Chambre sociale 4-3, 2 décembre 2024 — 22/00926

other Cour de cassation — Chambre sociale 4-3

Texte intégral

COUR D'APPEL

DE

VERSAILLES

Code nac : 80C

Chambre sociale 4-3

ARRÊT N°

CONTRADICTOIRE

DU 02 DÉCEMBRE 2024

N° RG 22/00926 -

N° Portalis DBV3-V-B7G-VCSQ

AFFAIRE :

[G] [U]

C/

S.A. LA POSTE

Décision déférée à la cour : Jugement rendue le 24 Février 2022 par le Conseil de Prud'hommes - Formation paritaire de BOULOGNE BILLANCOURT

N° Section : E

N° RG : F20/00242

Copies exécutoires et certifiées conformes délivrées à :

Me Khalil MIHOUBI

Me Jessica BIGOT

le :

RÉPUBLIQUE FRANÇAISE

AU NOM DU PEUPLE FRANÇAIS

LE DEUX DÉCEMBRE DEUX MILLE VINGT QUATRE,

La cour d'appel de Versailles a rendu l'arrêt suivant dans l'affaire entre :

Madame [G] [U]

de nationalité Française

[Adresse 2]

[Localité 4]

Représentant : Me Khalil MIHOUBI, avocat au barreau de PARIS, vestiaire : D653

APPELANTE

****************

S.A. LA POSTE

N° SIRET : 356 000 000

[Adresse 3]

[Localité 1]

Représentant : Me Jessica BIGOT, avocat au barreau de VERSAILLES, vestiaire : 469

Plaidant : Me Matthieu LAMORIL de la SELARL VINCHANT LAMORIL, avocat au barreau d'ARRAS, vestiaire : 29

INTIMÉE

****************

Composition de la cour :

En application des dispositions de l'article 805 du code de procédure civile, l'affaire a été débattue à l'audience publique du 02 Octobre 2024 les avocats des parties ne s'y étant pas opposés, devant Mme Florence SCHARRE, Conseillère chargé du rapport.

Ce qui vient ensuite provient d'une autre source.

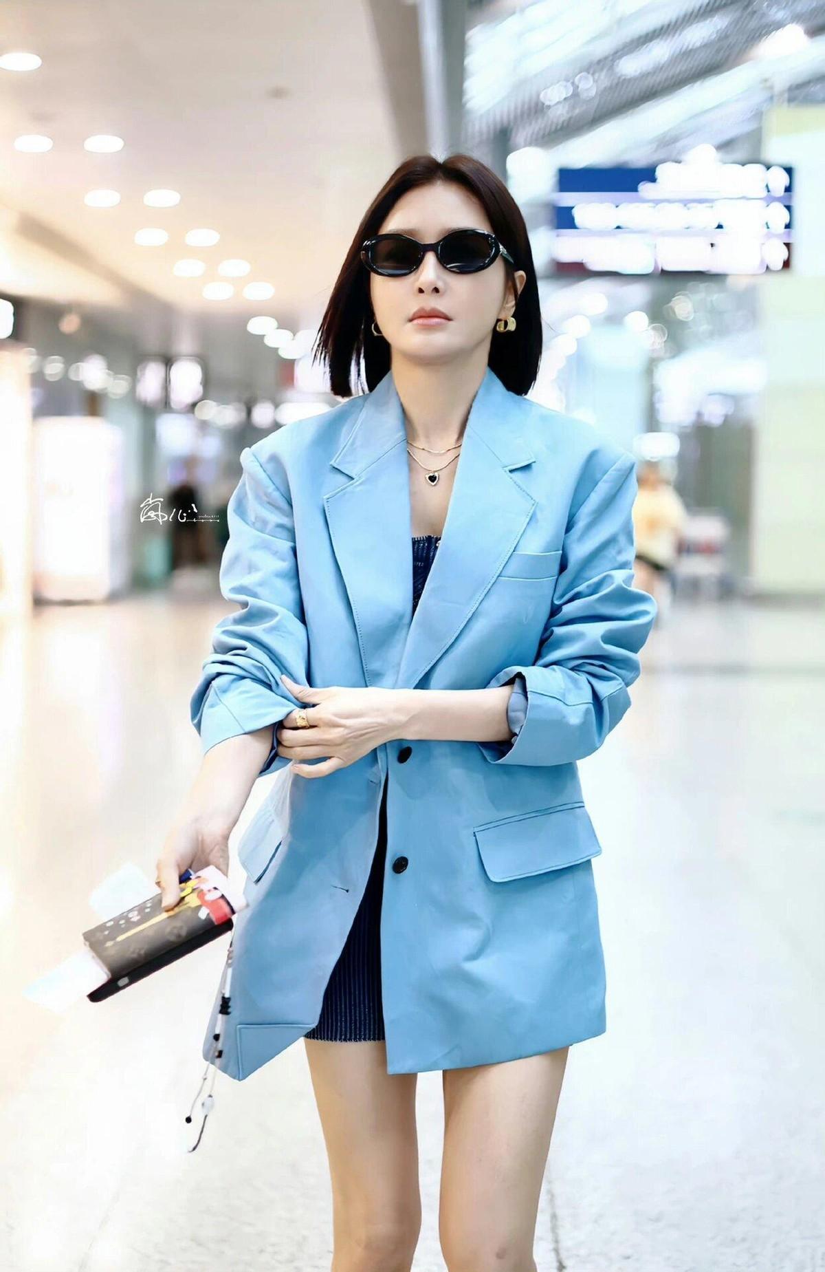 經典的黑色配飾百搭實用,在秦嵐這套穿搭中也十分吸睛,藍色系衣服搭黑色系配飾,一看就是酷颯大姐姐專屬look。秦嵐善於運用各種配飾來提升整體造型的時尚感。在這套穿搭中,她選擇了經典的黑色配飾,黑金的耳環、項鍊、挎包和黑色墨鏡,這些配飾能夠很好地襯托出藍色系衣服的高級感。藍色系的衣服給人一種清新、優雅的感覺,而黑色系的配飾則增添了一絲神祕和酷颯的氣質。喜歡或想嘗試成熟穩重的女性不要錯過她的穿搭。

Ce magistrat a rendu compte des plaidoiries dans le délibéré de la cour, composée de :

Madame Laurence SINQUIN, Présidente,

Mme Florence SCHARRE, Conseillère,

Madame Aurélie GAILLOTTE, Conseillère,

Greffier lors des débats : Madame Angeline SZEWCZIKOWSKI,

FAITS ET PROCÉDURE

La société La Poste est une société anonyme nationale à conseil d'administration (SA) immatriculée au registre du commerce et des sociétés (RCS) de Paris sous le n° 356 000 000.

La société La Poste, dans le cadre d'une mission de service public et d'intérêt général, exploite des activités de collecte, tri, transport et de distribution d'envois postaux. Elle exerce également en réseau une activité bancaire à travers ses bureaux.

Elle emploie environ 200 000 salariés sur l'ensemble du territoire français.

Par contrat à durée indéterminée en date du 16 janvier 2019, Mme [G] [U] a été engagée par la société La Poste en qualité de conseiller financier au sein de l'agence postale de [Localité 5] Hôtel de Ville (92), moyennant un salaire mensuel brut de 2 044,92 euros.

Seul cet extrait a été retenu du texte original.